Company

BookBeat is a subscription service for audiobooks and eBooks.

Program Rules

• We believe that no technology is perfect and that working with skilled security researchers is crucial in identifying weaknesses in our technology.
• If you believe you have found a security bug in our service, we are happy to work with you to resolve the issue promptly and ensure you are fairly rewarded for your discovery.
• Any type of denial-of-service (DoS) attack is strictly forbidden, as well as any interference with network equipment or BookBeat infrastructure.
• Do not persist copyrighted content such as audio and eBook files.
• Only applicative flaws will be rewarded.
• Testing with real customer accounts that do not belong to you is prohibited.

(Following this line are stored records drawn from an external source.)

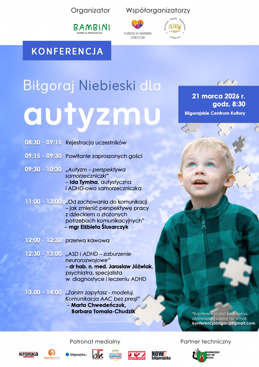 Wydarzenie odbędzie się 21 marca 2026 r. (w sobotę) o godz. 08:30 w Biłgorajskim Centrum Kultury. Prelegentem będzie m.in. dr hab. n. med. Jarosław Jóźwiak — psychiatra, specjalista w diagnostyce i leczeniu ADHD oraz specjaliści od komunikacji alternatywnej i wspomagającej.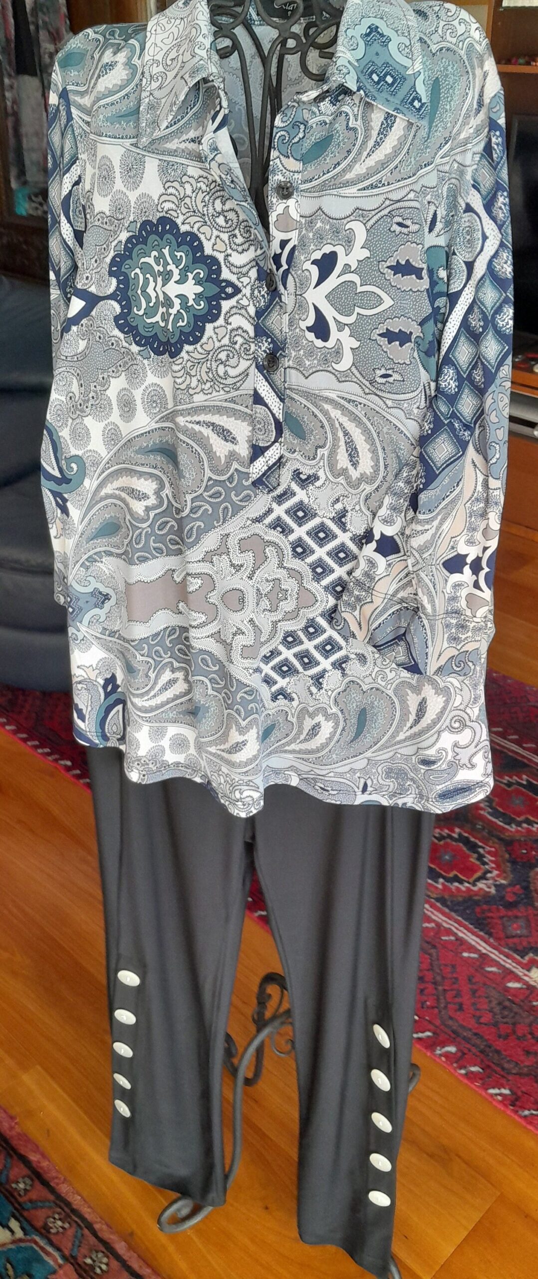 Be the first to review “Classic ladies blouse half button paisley fleur design | steel blue artisan fashion by Klaveli” Cancel reply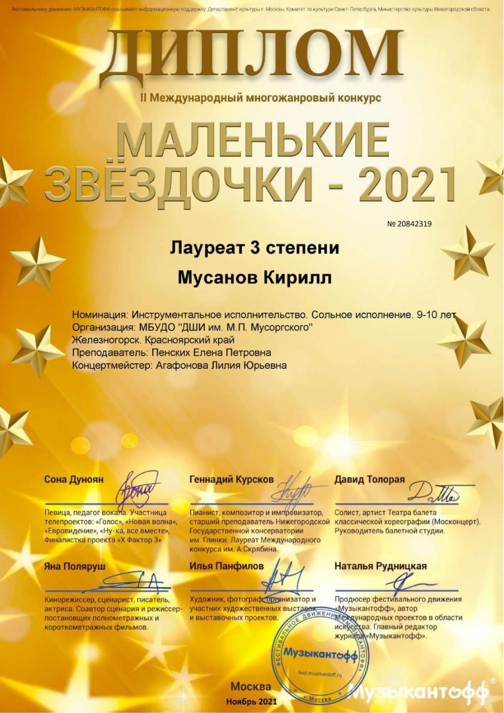 16.12.2021II Международный многожанровый конкурс "Маленькие звездочки - 2021"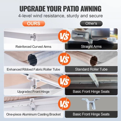 Built to Last: This manual retractable awning features robust steel tube supports with enhanced durability and wear resistance. The connections are secured with screws for added stability and wind resistance (up to 4th level). The thickened aluminum top tube ensures the awning remains taut and prevents fabric sagging. We recommend retracting it during storms to prolong its lifespan.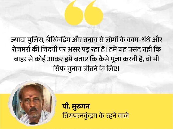 वहीं, स्थानीय पत्रकार राहुल कहते हैं कि तिरुपरनकुंद्रम मंदिर विवाद का चुनाव में खास असर नहीं होगा। यहां लोग धार्मिक हैं। हर गली-नुक्कड़ पर मंदिर है, लेकिन लोग राजनीति में धार्मिक मुद्दे शामिल करने को पसंद नहीं करते।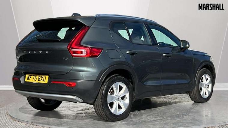 12.3" Progressive Driver Display, 9" centre console portrait touch screen, Adaptive cruise control, Adjustable steering wheel force, Android auto (Wired), Apple carplay (wired), Bluetooth handsfree system, Driver alert control, E-call, Front and rear parking sensors, Google automotive services - Enabled entertainment apps, navigation with google maps, voice recognition with google assistant, Intelligent speed assistance, Lane keeping aid, Oncoming Lane Mitigation, Power operated tailgate, Speed sensitive steering, Volvo cars services with app - Driving journal, engine remote start, remote door locking/unlocking and vehicle dashboard, Wireless/Inductive Mobile Phone Charging, Automatic transmission with start/stop and manual change functions, Dynamic chassis, DAB Digital radio, High performance sound, 8 speakers/250W, 2 front type C and 2 rear type C USB, Steering wheel mounted remote controls, Adaptive brake lights with high level LED brake lights, Auto dimming interior mirror, Auto folding and heated power door mirrors, Automatic headlamp levelling, Automatic LED Headlights + Active high beam incorporating daytime running lights, Colour coordinated door mirrors, Dark grey front grille with chrome surround, Front and rear electric windows, High Gloss silver front and rear skid plate, Home safe and approach lighting, Integrated roof rails in silver, Rain sensor with automatic windscreen wiper activation, Rear side wing doors, Rear wiper, Roof antenna, Roof spoiler, Visible VIN plate, 12V socket in front tunnel console and luggage compartment, 2-Zone electronic climate control with CleanZone air quality system and pollen filter, 3 seat bench in 2nd row, 3 Spoke tailored steering wheel with chrome trim, 60/40 versatile split folding rear seat, Centre console cupholders and storage, Charcoal carpet and floor mats, Charcoal headlining, City block textile upholstery, Front headrests, Glovebox bag hook, Heated front seats, Height adjustable passenger seat, Height/reach adjustable steering column, Height/tilt adjustable driver's seat, Integrated waste bin, Isofix attachments on outer rear seats, Load cover, Load protection net, Mid level illumination - Front footwell, luggage & glovebox compartment, front cabin courtesy & reading lights, illuminated vanity mirrors+ticket holder, Multi directional lumbar support for driver and passenger seat, Rear armrest with cupholders, Rear headrests, Single front passenger seat, Underfloor luggage compartment storage, 3x3 point rear seatbelts, City safety with steering support with Pedestrian + cyclist + front collision warning with full auto brake and rear auto brake, Driver and passenger airbags, Drivers knee airbag, Electronic parking brake with auto hold, First aid kit, Front and outer rear seatbelt reminder and pretensioners, Front seats SIPS airbags, Hill descent control - Off-road drive mode, Hill start assist, IC (Inflatable Curtains) - Full Length, Passenger airbag cut-off device, Power child locks on rear doors, Road sign information display, Run off Road Protection, SIPS (Side Impact Protection System), Slippery road and hazard light alert, Stability and Traction Control with Spin control, Engine Drag Control and Corner Traction Control, Tyre pressure monitoring system, Vehicle deceleration control with Anti-lock Brake System, Electronic Brake Distribution and Emergency Brake Assist, Warning triangle, WHIPS whiplash protection system - front, 2 x Key integrated remote control central locking including with deadlocking system and auto open/close windows, Anti-theft alarm including immobiliser/volume sensor + level sensor, Keyless start, Locking wheel nuts,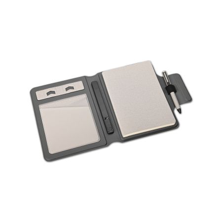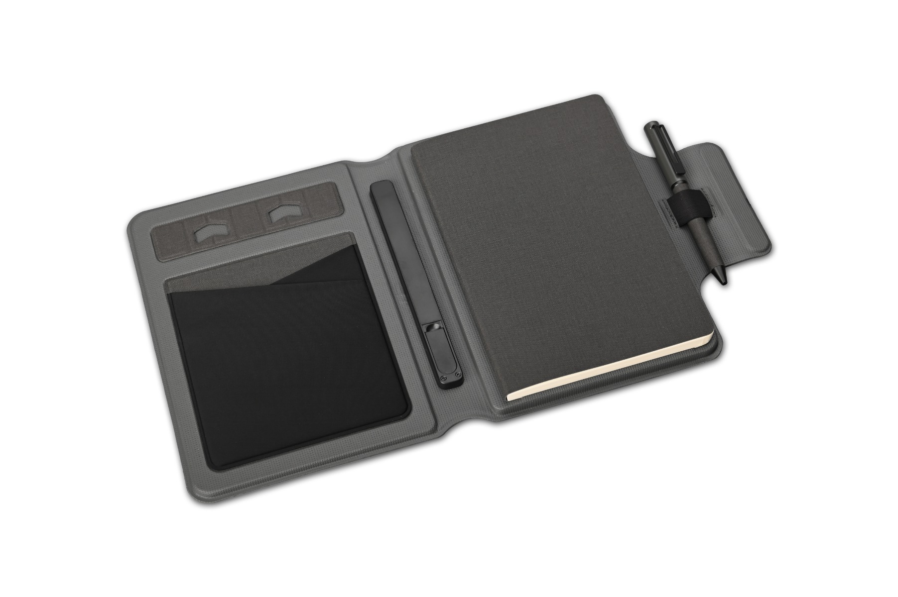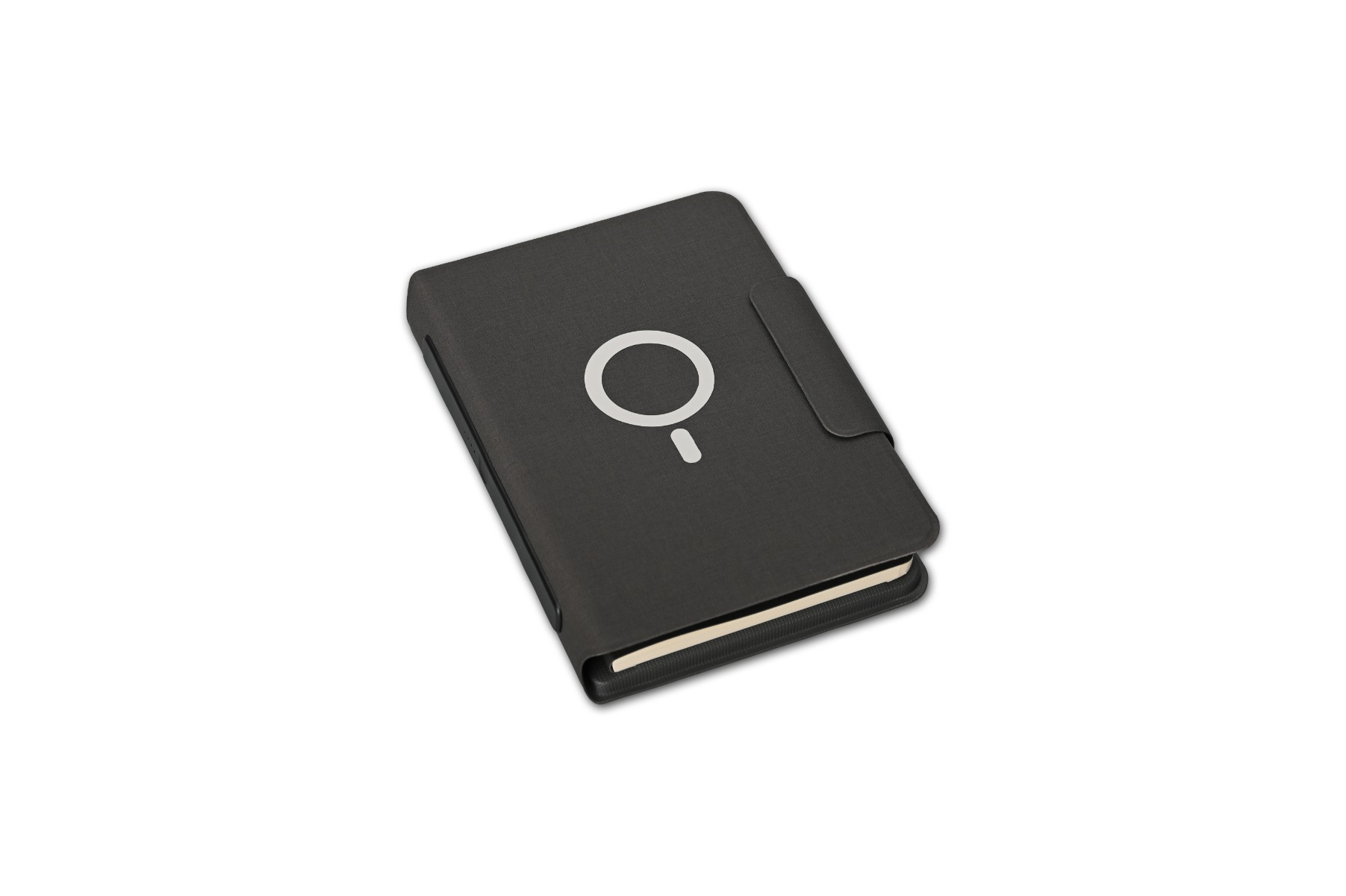 10W MagSafe A5 Fast Charging 64 sheets notebook organizer with builtin wireless 8000MAH powerbank and 32GB USB. Made from special PU Material with nonstitching welding technology. It has Lycra pocket organizer on the inside foldable phone stand and pen holder. Its power system on its spine and magnetic flap closure makes it easy to use. With LED power indicator and TYPE C input and output for fast charging. Product Size 23.2x18x2.5cm. Packaging Black Drawer Box
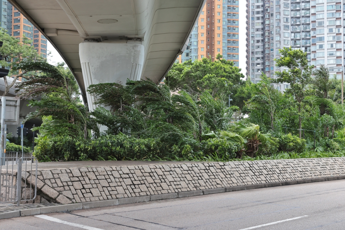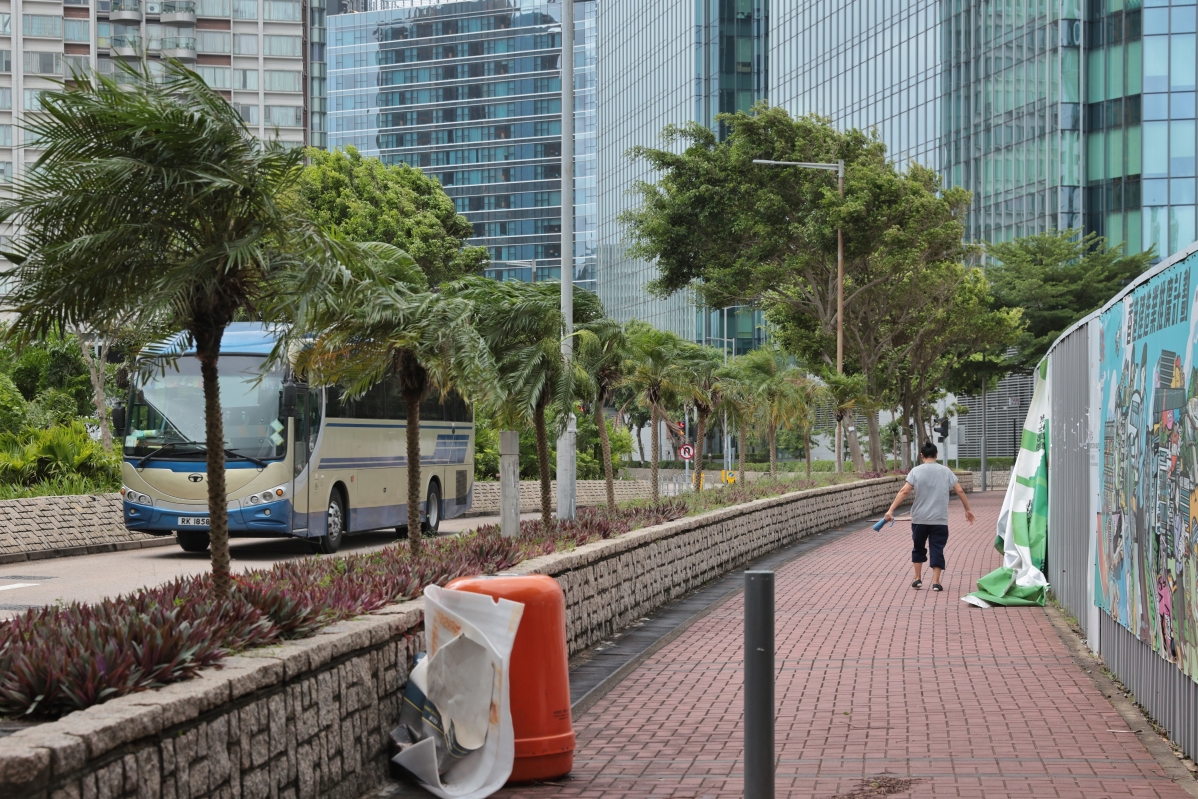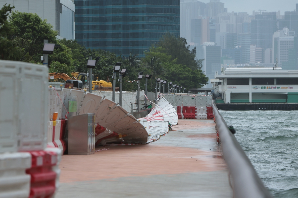 圖為維港海傍有大片圍擋被強風吹倒。 【編輯:謝光磊】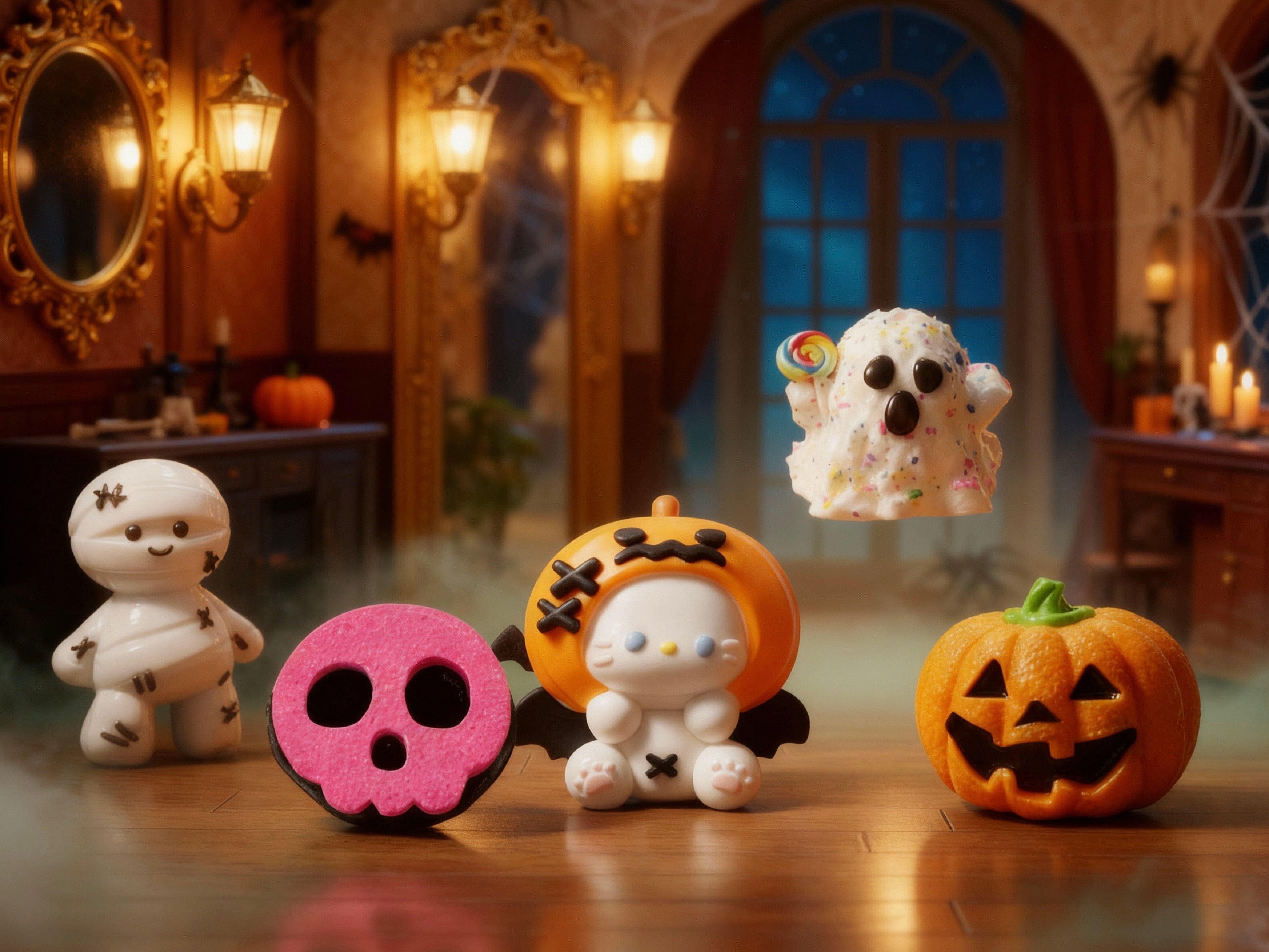 👻 Mummies sneak out, pumpkins glow, skeletons rattle, candy ghosts swirl—and a cheeky pumpkin-headed kitty leads the Halloween parade! 🎃

Eligibility and Responsible Disclosure

We are happy to thank everyone who submit valid reports which help us improve the security of BookBeat. However, only those that meet the following eligibility requirements may receive a monetary reward:

• You must be the first reporter of a vulnerability.
• The vulnerability must be a qualifying vulnerability (see below).
• Any vulnerability found must be reported no later than 24 hours after discovery, exclusively through yeswehack.com.
• You must send a clear textual description of the report along with steps to reproduce the issue (include attachments such as screenshots or proof of concept code as necessary).
• You must avoid tests that could cause degradation or interruption of our service (refrain from using automated tools, and put limits on your requests per second).
• You must not leak, manipulate, or destroy any user data.
• You must not be a former or current employee of BookBeat or one of its contractors.
• Reports about vulnerabilities are examined by our security analysts.
• Our analysis is always based on worst-case exploitation of the vulnerability, as is the reward we pay.
• No vulnerability disclosure, including partial is allowed for the moment.

SYSTEM UPDATES

• 2024-01-27. We recently made a significant update to how our site handles markets. The new feature is automatic recognition of geolocation but there are more underlying changes. Hopefully this all works as intended with no unintentional leaks of content between markets or url-manipulation vulnerabilities.